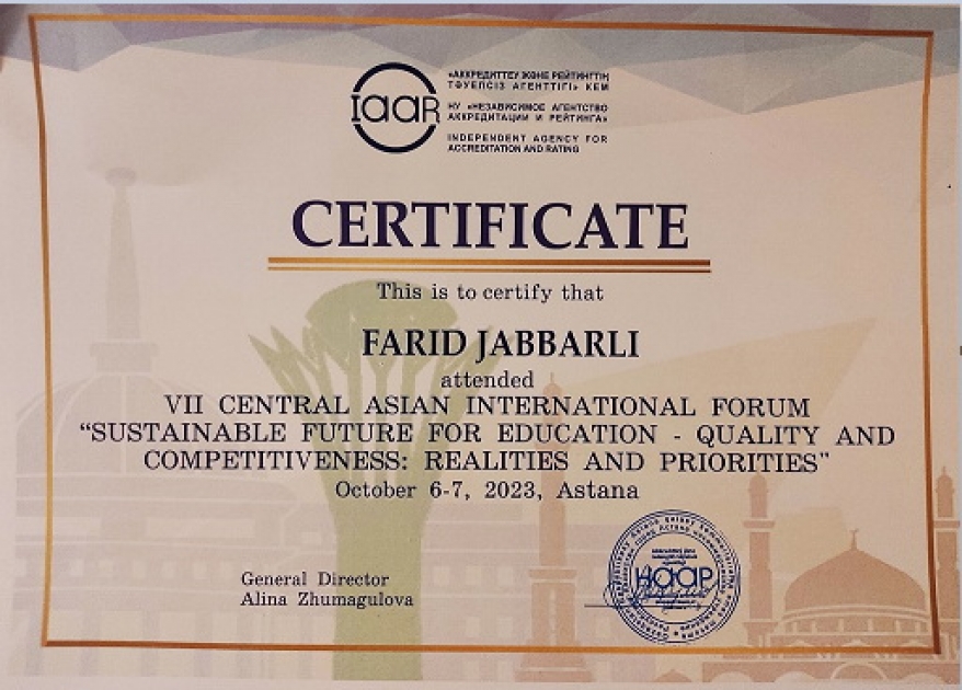 Azərbaycan Turizm və Menecment Universitetini təhsil məsələləri üzrə rektor müşaviri Fərid Cabbarlı Qazaxıstanın Astana şəhərində Müstəqil Akkreditasiya və Reytinq Agentliyinin (IAAR) təşkilatçılığı ilə keçirilən “Təhsildə keyfiyyət təminatı: VII Mərkəzi Asiya Beynəlxalq Forumu”nda iştirak edib. Beynəlxalq tədbir “Təhsildə davamlı gələcək - keyfiyyət və rəqabətqabiliyyətlilik: tarixi perspektiv, reallıqlar və prioritetlər” mövzusuna həsr olunub.
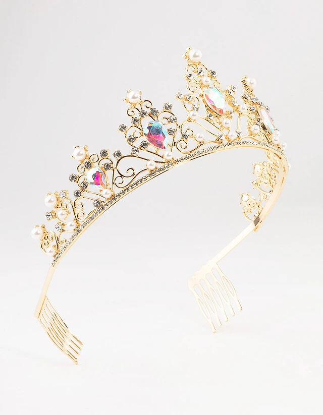 Gold Pear Shaped Stones & Pearls Tiara
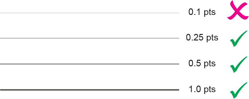 - DO NOT set line weight less than 0.25pts. (Not applicable for Pre-Inked Stamp, Spot UV & Hot-Stamping – refer to Pre-Inked Stamp, Spot UV & Hot-Stamping section for details)
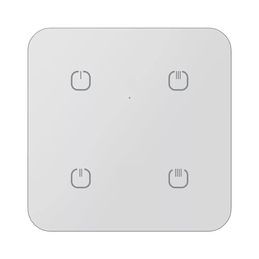 Négy érintőgombos fehér üvegfelületű iNELS Wireless vezérlő, ívelt sarokkialakítással
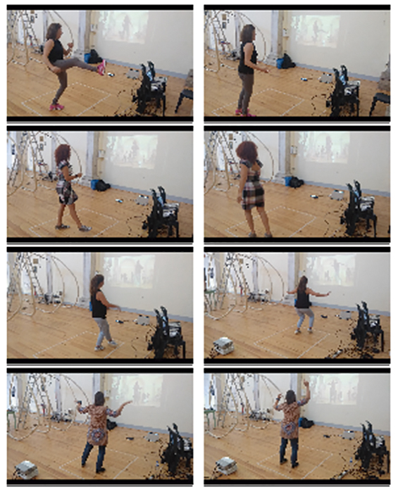 Figura 7 – Imagens de visitantes nos momentos 4 e 5 do artefacto Clash (and dance) Yourself no Retiro DMAD 2018
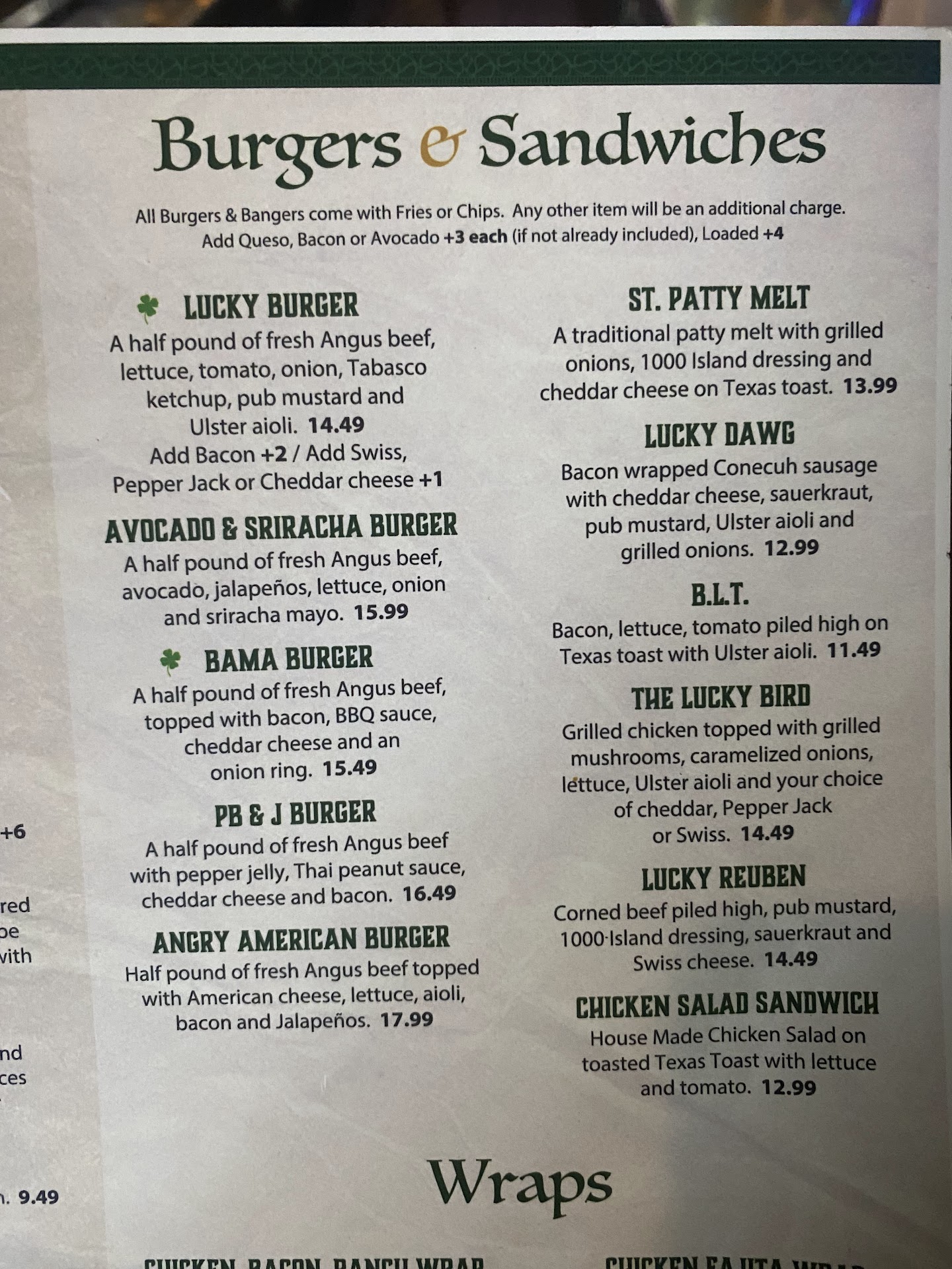 Lucky Irish Pub & Grill offers a classic pub atmosphere with a touch of Irish charm, making it a great spot for both locals and visitors looking for a relaxed dinner or a casual night out. Located at 3692 Airport Blvd in Mobile, the pub greets you with friendly staff and a unique setting—walls adorned with dollar bills, each carrying its own story, adding to the cozy, lived-in vibe. Food & Drink The menu is packed with pub favorites and a few Irish-inspired classics. The chicken wings are a standout—juicy, flavorful, and generously sized, with sauces that deliver depth and umami. Many regulars rave that these are the best wings in Mobile, and after trying them, it’s easy to see why. If you’re a burger fan, you’ll be pleased with the options here. The burgers are fresh, not frozen, and come with limitless combinations of toppings, served alongside crispy fries or some of the best onion rings in town. Other highlights include the Bangers and Mash, which is cooked to perfection, and the shepherd’s pie, served in hearty portions and full of flavor. The menu also features wraps, sandwiches, and classic pub appetizers like fried pickles and mozzarella sticks. Atmosphere & Service Lucky Irish Pub & Grill strikes a balance between dive bar and welcoming neighborhood hangout. The staff are attentive and personable, often remembered by name, which adds to the sense of community. The bar is decorated with Irish touches and has TVs for catching sports—rugby and soccer are often on, adding to the authentic pub feel. While the atmosphere is generally laid-back and pleasant, some reviews mention that the vibe can be a bit hit-or-miss depending on the crowd and time of visit. Summary If you’re after a hearty meal in a no-frills, friendly setting, Lucky Irish Pub & Grill delivers. The wings and burgers are must-tries, and the Irish-inspired dishes round out a menu that’s both comforting and satisfying. It’s a place where you can unwind, enjoy good company, and savor classic pub fare...
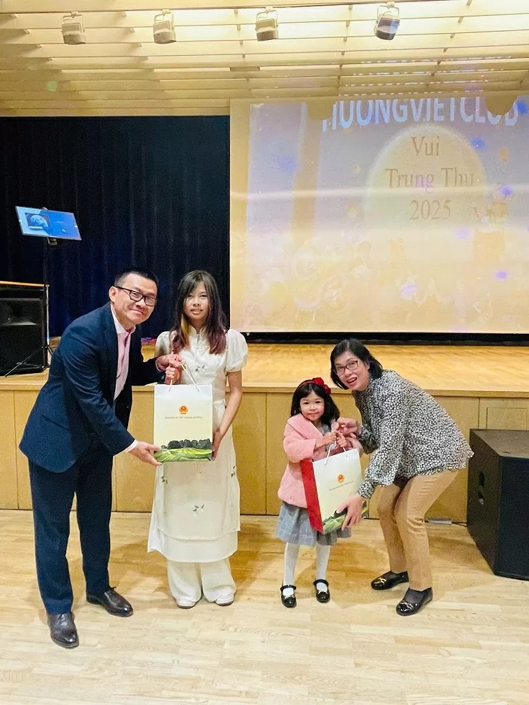 Nhân dịp này, Đại sứ Vũ Lê Thái Hoàng và phu nhân tặng quà Trung Thu cho các cháu thiếu nên, nhi đồng – thế hệ tương lai của cộng đồng người Việt Nam tại Áo.
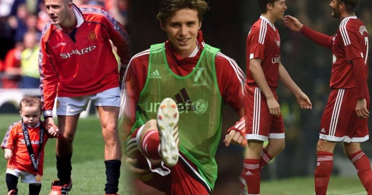 2 / 22David Beckham fue sustituido por Brooklyn, su hijo, en Match For Childrens disputado en Old Trafford, estadio en el que cuando era un bebé, fue paseado por su padre cuando militaba en Manchester United. Aquí paseó también cuando militaba en el Galaxy. -
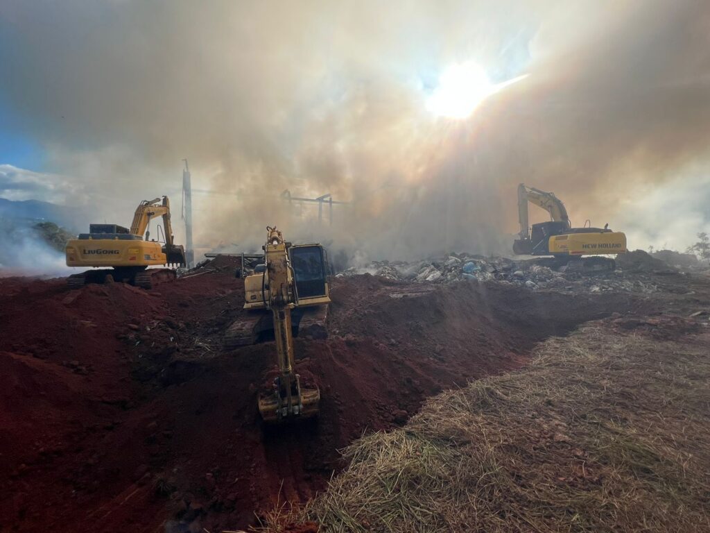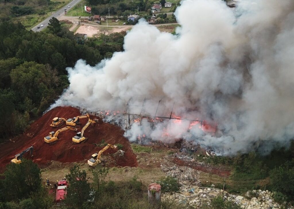 O trabalho de combate ao incêndio, que atinge um depósito de resíduos abandonado às margens da ERS-115, em Taquara, e teve início na manhã desta quarta-feira (26), já ultrapassou a marca das 24 horas. Os trabalhos ocorreram também durante a madrugada e são realizados pelo Corpo de Bombeiros Militar de Taquara, Secretaria de Obras e Serviços, Defesa Civil municipal, contando também com o apoio da Prefeitura de Igrejinha, que cedeu escavadeiras hidráulicas para os trabalhos.
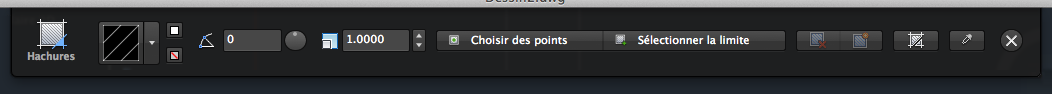 Lorsque plusieurs hachures ou remplissages de types différents sont sélectionnés dans un dessin, certaines options du viseur Hachures sont désactivées.
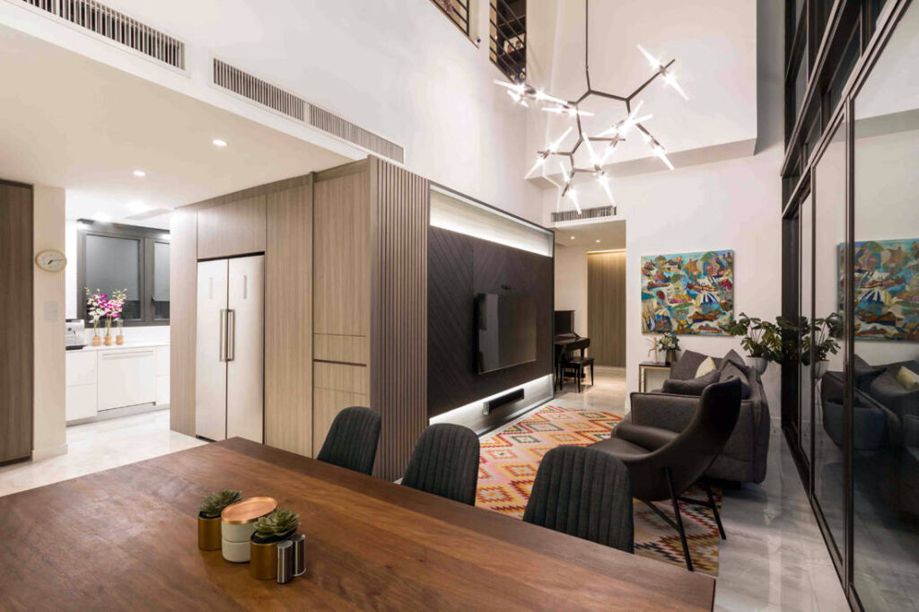One of the design highlights of the apartment is its double volume ceiling at the shared living and dining zones. Serene spared no expense in playing up the visual height. She shares: “We put up a six-metre stucco feature wall that fully maximises the lofty wall area at the dining zone and accentuated it with two modern glass chandeliers.” They also pair well with the other TV feature wall that sports chevron design details and warm LED lighting.
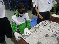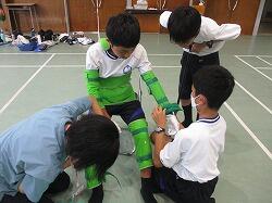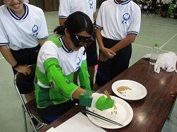 9月20日(水)5・6時間目に1年生は「福祉体験教育活動」の2回目となる「高齢者擬似体験」に臨みました。今回講師としておいでいただいたのは、都城医療センター附属看護学校の5名の先生方です。前回の福祉講話で、「ふだんのくらしをしあわせに」という言葉を学びましたが、今回の体験では、まさに高齢者の日常生活を擬似体験できる貴重な機会となりました。「高齢者の特徴を知る。」「高齢者との生活をイメージできる」という目標の下、四つのグループに分かれて、順番に体に装具をつけ、手袋をつけ、重りをつけ、ゴーグルをかけ、さまざまな日常の活動を行っていきます。「見えない。」「上手く動かせない。」「歩けない。」「起き上がれない。」など、あちらこちらから声が聞こえます。高齢者の特徴を身をもって理解できたのではないでしょうか。また、相手に思いやりの心をもちさりげない気遣いをしていくことがとても大切であることも学ぶことができました。高齢者との関わりで配慮したいこととして、①落ち着いた穏やかな雰囲気づくり ②相手のペースに合わせる ③言葉や文章を選ぶ ④相手の自尊心を傷つけない といったことを教えていただきました。これからの福祉教育体験活動や日常の生活で活かしていけることばかりでした。また、生徒たちは準備や片付けをみんなで協力して積極的に行っていました。最後に生徒を代表して川﨑隆生さんがお礼の言葉を述べました。お忙しい中、多くの準備をしていただき講師を務めていただいた都城医療センター附属看護学校の先生方、本当にありがとうございました。

********

Task brief => Reproduce the records above exactly, but only from the line with "O trabalho de" up to and including the line with "Lorsque plusieurs hachures". Leave the pictures out.

Solution to the exercise =>
 O trabalho de combate ao incêndio, que atinge um depósito de resíduos abandonado às margens da ERS-115, em Taquara, e teve início na manhã desta quarta-feira (26), já ultrapassou a marca das 24 horas. Os trabalhos ocorreram também durante a madrugada e são realizados pelo Corpo de Bombeiros Militar de Taquara, Secretaria de Obras e Serviços, Defesa Civil municipal, contando também com o apoio da Prefeitura de Igrejinha, que cedeu escavadeiras hidráulicas para os trabalhos.
 Lorsque plusieurs hachures ou remplissages de types différents sont sélectionnés dans un dessin, certaines options du viseur Hachures sont désactivées.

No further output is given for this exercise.